Dieser Anstieg der Kriminalität hat viele private Unternehmen in eine verletzliche Lage gebracht. Zum Beispiel wurde im März 2025 das Geschäft einer Maniküristin in Havanna vollständig ausgeraubt, wobei alle ihre Produkte mitgenommen wurden und sie ohne средства war, um ihre Arbeit fortzusetzen.
Además, die Regierungsmaßnahmen haben den privaten Sektor unter Druck gesetzt. Zwischen Juli und September 2024, imposed die kubanische Regierung Geldstrafen von mehr als 348 Millionen Pesos auf Mikro-, kleine und mittlere Unternehmen (mipymes), nachdem mehr als 127.000 Preisverstöße festgestellt wurden.
In diesem Kontext hebt die Geschichte von Lilia Ortiz die Resilienz der kubanischen Unternehmer hervor, die, trotz der Widrigkeiten, weiterhin kämpfen, um ihre Geschäfte aufrechtzuerhalten und zur angeschlagenen lokalen Wirtschaft beizutragen.
Häufig gestellte Fragen zum Diebstahl von Unternehmern in Kuba
Was ist Lilia Ortiz in Kuba passiert?
Lilia Ortiz wurde Opfer eines Raubüberfalls in ihrem Geschäft in Havanna, was sie ohne Waren und mit einem Gefühl der Hilflosigkeit zurückließ, nachdem sie bedeutende Zeit und Ressourcen in ihr Unternehmen investiert hatte.
Wie beeinflusst die Unsicherheit die Unternehmer in Kuba?
Die Unsicherheit in Kuba beeinträchtigt gravierend die Unternehmer, die oft Opfer von Diebstählen werden, die sie ihrer Mittel berauben, um ihre Geschäfte fortzuführen. Das Kubanische Observatorium für Bürgeraudits berichtete von einem Anstieg der Diebstähle um 232% im Jahr 2024, was einen besorgniserregenden Trend widerspiegelt, der die Unternehmer in eine verletzliche Situation bringt.

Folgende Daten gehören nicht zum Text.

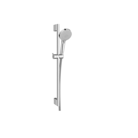 Zuhanyszett csaptelep nélkül 2 funkcióval. A csaptelep térfogatárama 9,7 liter / perc.
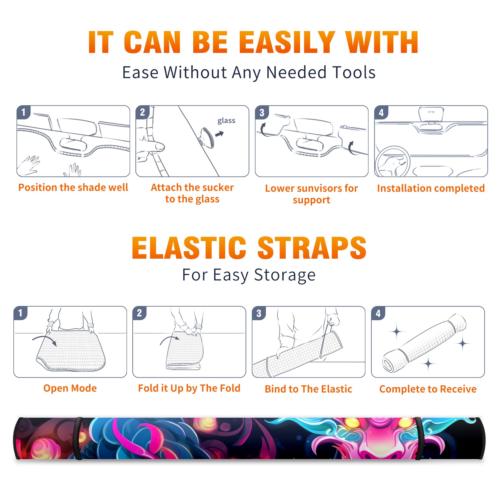 <b>ZXIVGOQFR Foldable Premium Car Windshield Sunshade is your great solution to reduce your car’s interior temperature dramatically! This is definitely a must-have item for your summer travel! </b> <br> ●<b>Size: 63"L x 33.5"W </b> <br></b> ●<b>Blocking Uv Rays & Heat Insulation<br></b> Our vehicle sunshade provides effective UV, sun, and summer heat protection .Maintains dashboards by preventing fading and cracking <br> ●<b>Easy-To-Store Folding Design Makes Storage Convenient <br></b> ZXIVGOQFR car sunshades come with removable suction cups and elastic bands that you can install easily and quickly, and the removable suction cups will not leave any marks on your windows when removed. Within seconds, windshield visor can be installed and removed. When not in use,the front windshield can be easily and effectively placed on the door pocket or the dashboard, which is beautiful and does not take up space in the car.<br> <br> <b>PUT UP A 'PROTECTIVE UMBRELLA' FOR YOUR BELOVED CAR!</b>
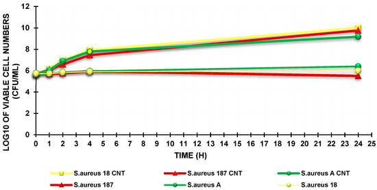 Killing curve assays for compound 9 were performed on the three isolates of S. aureus (two of which were MRSA) selected for the study, as previously reported [49,50].
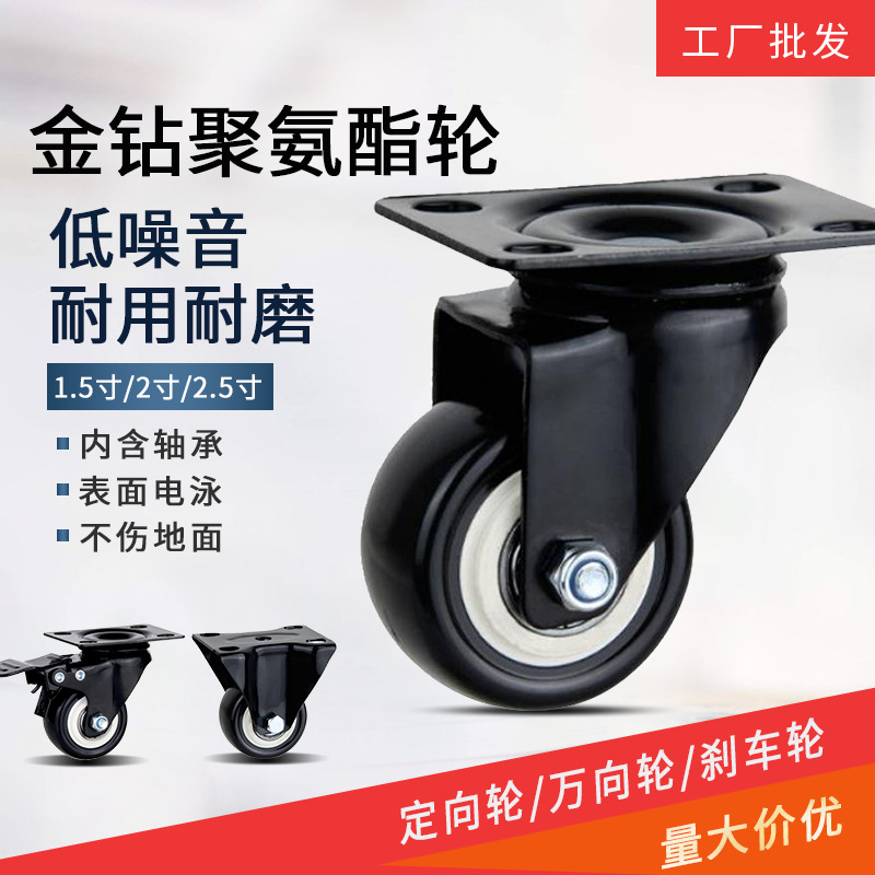 1.5/2インチ2.5インチ金ドリルキャスターポリウレタン万能車輪黒色小車輪工業家具ブレーキ付き車輪
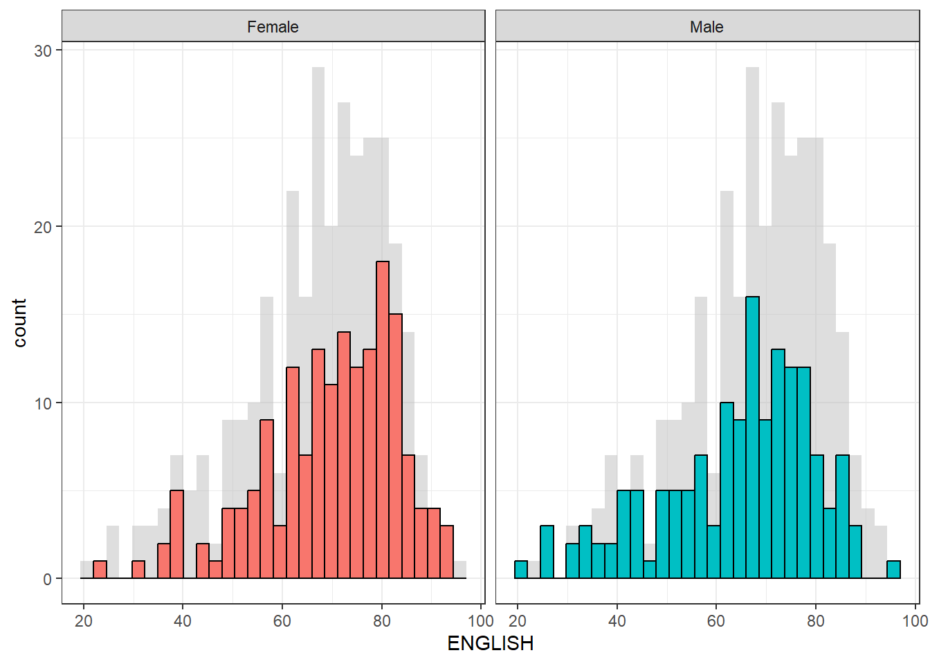 geom_histogram(data = d_bg, fill = "grey", alpha = .5) +

Welche Sicherheitsmaßnahmen werden für Unternehmen in Kuba empfohlen?
Es wird empfohlen, Sicherheitskameras und Alarmsysteme an Türen und Fenstern zu installieren, um den Schutz der Geschäfte zu verbessern. Diese Maßnahme kann helfen, Kriminelle abzuschrecken und im Falle eines Diebstahls Beweise bereitzustellen, wie einige Nutzer in den sozialen Medien nach dem Vorfall mit Lilia Ortiz vorgeschlagen haben.
Wie ist die wirtschaftliche Situation für Unternehmer in Kuba?
Die Unternehmer in Kuba sehen sich einer schwierigen wirtschaftlichen Lage gegenüber, bedingt durch staatliche Bußgelder und ein zunehmend unsicheres Umfeld. Zwischen Juli und September 2024 wurden Bußgelder in Höhe von über 348 Millionen Pesos gegen Privatunternehmen verhängt, was den ohnehin schon komplizierten wirtschaftlichen Rahmen für diejenigen, die auf ihre persönliche Anstrengung angewiesen sind, um voranzukommen, zusätzlich belastet.